Sen. Frank Drilon, committee chairman, cited the Real Estate Investment Trust (Reit) Law embodied in Republic Act 9856, which the Department of Finance (DOF) claimed to have cost government P2.7 billion in foregone revenues, and Republic Act 10083 creating a Special Economic and Freeport Zone in Aurora that was said to have resulted in lost revenue estimated at P3 billion.
“I suppose the secretary of Finance would want to make a correction,” Drilon said as he noted that the Reit is yet to be implemented since it took effect last year, while the Aurora Pacific Economic Zone and Freeport Authority (Apeco) do not have locators on-site yet.
Purisima, quickly acknowledging the error, admitted: “We stand corrected because that should not be in that list.”
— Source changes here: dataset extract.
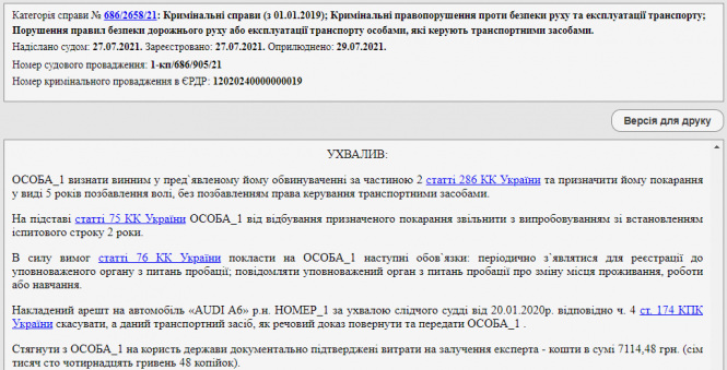 Тому Хмельницький міськрайонний суд ухвалив визнати водія винним, але звільнити від відбування покарання з іспитовим строком 2 роки. Окрім того, накладений арешт на автомобіль скасували і повернули власникові. До слова, суд також не зобов'язав сплатити обвинуваченого моральну компенсацію, про що йдеться в ухвалі суду.

Sen. Edgardo Angara, principal author of the Reit Law, as well as the law creating Apeco, backed suggestions by his fellow senators for the DOF to instead focus on plugging recurring leaks in revenue collection, such as smuggling, in order to improve the country’s fiscal position.
“These [Reit and Apeco] laws should not be seen as eroding the tax base. We, in Congress, studied and debated these at length before we passed them. These laws will yield enormous long-term benefits that will far outweigh the short-term loss in government revenue,” Angara, who sits as vice chairman of the Finance Committee, said.
At the same time, Sen. Loren Legarda asked the DOF chief to put the so-called negative revenue measures in proper context.
“Instead of saying that certain laws passed by Congress eroded government revenue, the DOF should also assess and quantify the benefits they generate in terms of new jobs, income and investment,” Legarda said.
The senator, in turn, asked the DOF to provide “a more multidimensional assessment of the laws we have created because to be told that what we’ve worked on for the past three years created negative revenues is not helpful not all.”
“I understand that what the DOF did is simply focus on the numbers but as we all know, life is not all about numbers and revenue losses,” she added.
At the same time, Angara warned the government against “sacrificing long-term investments to provide short-term relief.”
Angara also cautioned the Department of Budget and Management under Secretary Florencio Abad to avoid making the mistake committed by the United States government that ultimately led to the American debt crisis.
“The country should be cautious about allocating too much of its resources to welfare and too little to innovation and productivity,” Angara advised senior executive officials at the Development Budget Coordination Committee hearing the other day.
He noted that “this imbalance in spending contributed greatly to the economic problems faced by the United States today.”